::: STORED DATA :::
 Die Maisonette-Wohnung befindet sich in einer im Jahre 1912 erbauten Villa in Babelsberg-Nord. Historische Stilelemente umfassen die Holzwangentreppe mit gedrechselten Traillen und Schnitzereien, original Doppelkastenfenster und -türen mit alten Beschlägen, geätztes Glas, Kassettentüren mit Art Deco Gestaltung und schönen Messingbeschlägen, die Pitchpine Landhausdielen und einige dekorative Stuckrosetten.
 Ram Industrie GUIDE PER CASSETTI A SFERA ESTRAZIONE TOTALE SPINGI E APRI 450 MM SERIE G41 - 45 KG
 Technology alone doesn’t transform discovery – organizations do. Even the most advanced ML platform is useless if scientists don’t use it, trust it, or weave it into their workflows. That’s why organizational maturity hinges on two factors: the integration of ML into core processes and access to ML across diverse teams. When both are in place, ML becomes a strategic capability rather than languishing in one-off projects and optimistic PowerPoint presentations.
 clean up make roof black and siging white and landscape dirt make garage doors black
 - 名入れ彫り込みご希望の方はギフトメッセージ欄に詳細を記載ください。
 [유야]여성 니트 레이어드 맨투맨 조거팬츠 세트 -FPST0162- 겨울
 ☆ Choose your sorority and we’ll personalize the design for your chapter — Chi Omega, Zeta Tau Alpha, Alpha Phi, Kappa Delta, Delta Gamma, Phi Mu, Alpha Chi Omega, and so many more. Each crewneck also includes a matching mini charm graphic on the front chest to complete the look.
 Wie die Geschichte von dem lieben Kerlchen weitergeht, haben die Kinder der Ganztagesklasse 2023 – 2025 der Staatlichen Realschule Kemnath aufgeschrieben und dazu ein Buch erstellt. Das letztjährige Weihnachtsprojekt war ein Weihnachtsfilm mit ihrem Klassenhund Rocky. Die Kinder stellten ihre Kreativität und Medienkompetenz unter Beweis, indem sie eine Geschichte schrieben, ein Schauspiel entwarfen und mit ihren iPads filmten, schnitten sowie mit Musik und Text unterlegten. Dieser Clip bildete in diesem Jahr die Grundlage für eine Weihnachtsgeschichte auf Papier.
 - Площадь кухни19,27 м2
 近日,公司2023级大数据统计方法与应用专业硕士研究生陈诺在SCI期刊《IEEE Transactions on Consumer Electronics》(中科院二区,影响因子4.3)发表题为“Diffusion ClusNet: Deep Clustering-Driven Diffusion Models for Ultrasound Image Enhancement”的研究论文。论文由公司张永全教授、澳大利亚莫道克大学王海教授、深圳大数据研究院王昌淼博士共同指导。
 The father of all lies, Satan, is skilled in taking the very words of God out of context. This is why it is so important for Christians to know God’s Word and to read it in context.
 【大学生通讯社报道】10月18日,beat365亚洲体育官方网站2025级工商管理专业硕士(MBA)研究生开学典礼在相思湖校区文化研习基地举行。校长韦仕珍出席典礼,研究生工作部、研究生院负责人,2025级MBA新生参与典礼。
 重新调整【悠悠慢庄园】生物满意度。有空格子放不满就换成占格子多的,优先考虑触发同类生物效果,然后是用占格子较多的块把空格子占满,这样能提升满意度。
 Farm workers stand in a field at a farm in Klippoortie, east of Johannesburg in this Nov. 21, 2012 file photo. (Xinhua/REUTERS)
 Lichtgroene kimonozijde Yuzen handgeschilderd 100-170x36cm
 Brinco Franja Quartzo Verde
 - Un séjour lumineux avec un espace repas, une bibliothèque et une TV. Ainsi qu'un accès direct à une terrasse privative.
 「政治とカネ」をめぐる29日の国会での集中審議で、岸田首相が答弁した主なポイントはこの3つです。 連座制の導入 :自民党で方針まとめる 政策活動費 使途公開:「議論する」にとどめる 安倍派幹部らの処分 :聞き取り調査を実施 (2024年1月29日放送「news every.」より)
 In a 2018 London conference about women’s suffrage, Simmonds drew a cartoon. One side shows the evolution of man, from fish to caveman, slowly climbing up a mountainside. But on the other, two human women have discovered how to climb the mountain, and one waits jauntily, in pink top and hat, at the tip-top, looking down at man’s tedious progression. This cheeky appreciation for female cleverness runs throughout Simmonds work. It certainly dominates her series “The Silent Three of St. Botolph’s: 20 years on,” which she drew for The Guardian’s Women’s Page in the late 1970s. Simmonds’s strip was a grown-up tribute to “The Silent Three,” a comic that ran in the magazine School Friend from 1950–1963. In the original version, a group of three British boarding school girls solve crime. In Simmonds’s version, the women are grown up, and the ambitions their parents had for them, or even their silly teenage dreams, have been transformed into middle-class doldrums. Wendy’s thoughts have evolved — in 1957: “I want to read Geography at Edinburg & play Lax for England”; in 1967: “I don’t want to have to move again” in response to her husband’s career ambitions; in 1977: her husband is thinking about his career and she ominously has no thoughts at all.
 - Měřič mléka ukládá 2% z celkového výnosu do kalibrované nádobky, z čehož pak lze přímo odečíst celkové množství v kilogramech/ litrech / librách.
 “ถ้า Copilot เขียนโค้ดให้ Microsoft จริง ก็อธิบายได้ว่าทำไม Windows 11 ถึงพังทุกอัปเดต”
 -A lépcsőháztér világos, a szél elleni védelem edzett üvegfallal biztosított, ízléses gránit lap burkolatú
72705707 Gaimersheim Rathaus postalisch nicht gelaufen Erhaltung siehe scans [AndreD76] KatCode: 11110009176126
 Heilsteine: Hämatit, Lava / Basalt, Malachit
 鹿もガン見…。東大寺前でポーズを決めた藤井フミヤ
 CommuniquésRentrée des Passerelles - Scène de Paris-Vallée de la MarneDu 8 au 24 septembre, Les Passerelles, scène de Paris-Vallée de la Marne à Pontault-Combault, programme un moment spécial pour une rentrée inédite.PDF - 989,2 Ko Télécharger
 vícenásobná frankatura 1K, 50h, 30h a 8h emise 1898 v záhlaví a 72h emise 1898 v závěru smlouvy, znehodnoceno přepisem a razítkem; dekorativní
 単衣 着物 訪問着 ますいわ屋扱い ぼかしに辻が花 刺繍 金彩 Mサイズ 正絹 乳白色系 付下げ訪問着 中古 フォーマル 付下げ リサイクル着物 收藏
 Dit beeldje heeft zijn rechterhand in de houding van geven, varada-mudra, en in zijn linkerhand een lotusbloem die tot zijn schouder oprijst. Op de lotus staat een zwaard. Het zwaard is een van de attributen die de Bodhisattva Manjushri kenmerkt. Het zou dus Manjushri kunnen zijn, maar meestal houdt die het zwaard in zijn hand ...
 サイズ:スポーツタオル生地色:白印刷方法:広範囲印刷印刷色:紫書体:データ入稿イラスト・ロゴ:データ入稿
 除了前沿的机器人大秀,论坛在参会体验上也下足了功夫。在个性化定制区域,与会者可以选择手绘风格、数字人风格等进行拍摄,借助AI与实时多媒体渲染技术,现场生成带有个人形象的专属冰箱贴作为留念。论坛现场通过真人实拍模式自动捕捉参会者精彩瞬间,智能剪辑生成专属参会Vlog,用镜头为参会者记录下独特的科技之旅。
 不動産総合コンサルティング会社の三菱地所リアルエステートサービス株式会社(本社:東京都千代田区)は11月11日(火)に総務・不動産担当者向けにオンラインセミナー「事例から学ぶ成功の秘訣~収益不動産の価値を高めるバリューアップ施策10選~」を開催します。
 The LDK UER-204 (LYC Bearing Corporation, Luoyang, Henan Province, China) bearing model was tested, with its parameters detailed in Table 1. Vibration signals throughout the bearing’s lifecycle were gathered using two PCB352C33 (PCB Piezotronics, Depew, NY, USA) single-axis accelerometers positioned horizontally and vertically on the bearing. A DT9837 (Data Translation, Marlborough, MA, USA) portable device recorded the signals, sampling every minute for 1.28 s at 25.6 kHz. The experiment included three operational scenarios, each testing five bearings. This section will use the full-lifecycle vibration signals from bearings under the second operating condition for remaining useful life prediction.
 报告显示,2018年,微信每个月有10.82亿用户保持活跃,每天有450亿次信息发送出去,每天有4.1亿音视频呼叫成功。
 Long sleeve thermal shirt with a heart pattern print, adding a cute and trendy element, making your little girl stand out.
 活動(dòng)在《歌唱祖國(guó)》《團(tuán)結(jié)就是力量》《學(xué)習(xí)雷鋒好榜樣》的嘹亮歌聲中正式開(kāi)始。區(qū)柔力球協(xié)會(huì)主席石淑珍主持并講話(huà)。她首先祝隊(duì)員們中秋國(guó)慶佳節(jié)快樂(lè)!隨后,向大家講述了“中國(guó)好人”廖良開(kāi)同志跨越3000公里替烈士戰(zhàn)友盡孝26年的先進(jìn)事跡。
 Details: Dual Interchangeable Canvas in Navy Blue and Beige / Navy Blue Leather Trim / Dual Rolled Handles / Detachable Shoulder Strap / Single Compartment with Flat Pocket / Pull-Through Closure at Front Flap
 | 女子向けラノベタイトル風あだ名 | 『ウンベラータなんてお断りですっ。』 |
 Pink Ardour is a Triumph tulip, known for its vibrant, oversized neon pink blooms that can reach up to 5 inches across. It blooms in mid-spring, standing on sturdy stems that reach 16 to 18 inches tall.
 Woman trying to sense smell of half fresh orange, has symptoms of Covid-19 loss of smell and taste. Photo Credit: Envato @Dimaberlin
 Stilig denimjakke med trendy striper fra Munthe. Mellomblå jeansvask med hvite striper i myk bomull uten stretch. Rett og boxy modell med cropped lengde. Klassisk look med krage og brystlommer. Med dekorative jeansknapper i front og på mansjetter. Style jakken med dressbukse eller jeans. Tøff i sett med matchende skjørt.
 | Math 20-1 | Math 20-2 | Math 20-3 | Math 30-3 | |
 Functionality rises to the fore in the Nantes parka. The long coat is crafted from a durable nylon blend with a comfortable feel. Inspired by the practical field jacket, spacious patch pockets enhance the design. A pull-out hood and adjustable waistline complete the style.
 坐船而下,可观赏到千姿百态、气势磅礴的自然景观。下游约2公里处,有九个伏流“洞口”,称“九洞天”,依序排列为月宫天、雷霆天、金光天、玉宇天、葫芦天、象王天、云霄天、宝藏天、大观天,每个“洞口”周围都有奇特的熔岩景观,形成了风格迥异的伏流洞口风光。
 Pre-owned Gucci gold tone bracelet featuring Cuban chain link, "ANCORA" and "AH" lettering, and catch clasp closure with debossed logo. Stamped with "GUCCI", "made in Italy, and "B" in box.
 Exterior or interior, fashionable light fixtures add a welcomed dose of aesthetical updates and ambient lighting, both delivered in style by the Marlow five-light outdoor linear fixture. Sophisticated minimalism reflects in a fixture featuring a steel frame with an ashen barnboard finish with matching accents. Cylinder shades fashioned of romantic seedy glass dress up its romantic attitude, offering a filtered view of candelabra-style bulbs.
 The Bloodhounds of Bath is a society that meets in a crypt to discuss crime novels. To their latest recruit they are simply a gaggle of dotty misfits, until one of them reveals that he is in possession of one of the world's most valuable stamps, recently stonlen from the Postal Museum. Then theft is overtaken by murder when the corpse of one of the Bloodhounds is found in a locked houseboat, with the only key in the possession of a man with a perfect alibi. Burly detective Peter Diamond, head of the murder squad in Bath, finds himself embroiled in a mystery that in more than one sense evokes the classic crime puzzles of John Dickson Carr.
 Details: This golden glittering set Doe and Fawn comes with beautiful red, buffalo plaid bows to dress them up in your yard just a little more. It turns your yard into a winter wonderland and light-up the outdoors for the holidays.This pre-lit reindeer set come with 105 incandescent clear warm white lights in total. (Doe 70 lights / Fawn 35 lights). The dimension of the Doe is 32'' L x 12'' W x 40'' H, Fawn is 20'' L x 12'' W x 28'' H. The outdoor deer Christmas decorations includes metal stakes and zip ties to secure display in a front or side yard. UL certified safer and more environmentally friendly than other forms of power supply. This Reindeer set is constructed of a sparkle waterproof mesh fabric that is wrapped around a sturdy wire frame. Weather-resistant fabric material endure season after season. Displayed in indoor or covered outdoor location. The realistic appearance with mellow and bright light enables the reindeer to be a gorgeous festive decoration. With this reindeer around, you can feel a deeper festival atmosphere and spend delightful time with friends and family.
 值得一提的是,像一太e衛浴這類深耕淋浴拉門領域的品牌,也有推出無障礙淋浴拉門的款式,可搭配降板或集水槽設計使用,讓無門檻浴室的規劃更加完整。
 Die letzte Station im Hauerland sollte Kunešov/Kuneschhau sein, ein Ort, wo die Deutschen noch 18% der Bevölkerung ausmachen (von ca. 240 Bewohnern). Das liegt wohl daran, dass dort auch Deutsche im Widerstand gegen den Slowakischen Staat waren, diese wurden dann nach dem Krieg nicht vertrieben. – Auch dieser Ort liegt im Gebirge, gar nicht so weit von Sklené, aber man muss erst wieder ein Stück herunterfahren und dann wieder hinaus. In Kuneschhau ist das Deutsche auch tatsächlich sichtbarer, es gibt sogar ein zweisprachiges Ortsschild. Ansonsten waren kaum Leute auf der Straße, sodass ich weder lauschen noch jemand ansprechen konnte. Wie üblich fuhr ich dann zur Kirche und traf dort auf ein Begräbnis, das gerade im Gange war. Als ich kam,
:::
WHAT IS BEING ASKED: Lines from the first one above through the line containing "Ram Industrie GUIDE" are to be retyped exactly, both included, and nothing more.

ANSWER:
 Die Maisonette-Wohnung befindet sich in einer im Jahre 1912 erbauten Villa in Babelsberg-Nord. Historische Stilelemente umfassen die Holzwangentreppe mit gedrechselten Traillen und Schnitzereien, original Doppelkastenfenster und -türen mit alten Beschlägen, geätztes Glas, Kassettentüren mit Art Deco Gestaltung und schönen Messingbeschlägen, die Pitchpine Landhausdielen und einige dekorative Stuckrosetten.
 Ram Industrie GUIDE PER CASSETTI A SFERA ESTRAZIONE TOTALE SPINGI E APRI 450 MM SERIE G41 - 45 KG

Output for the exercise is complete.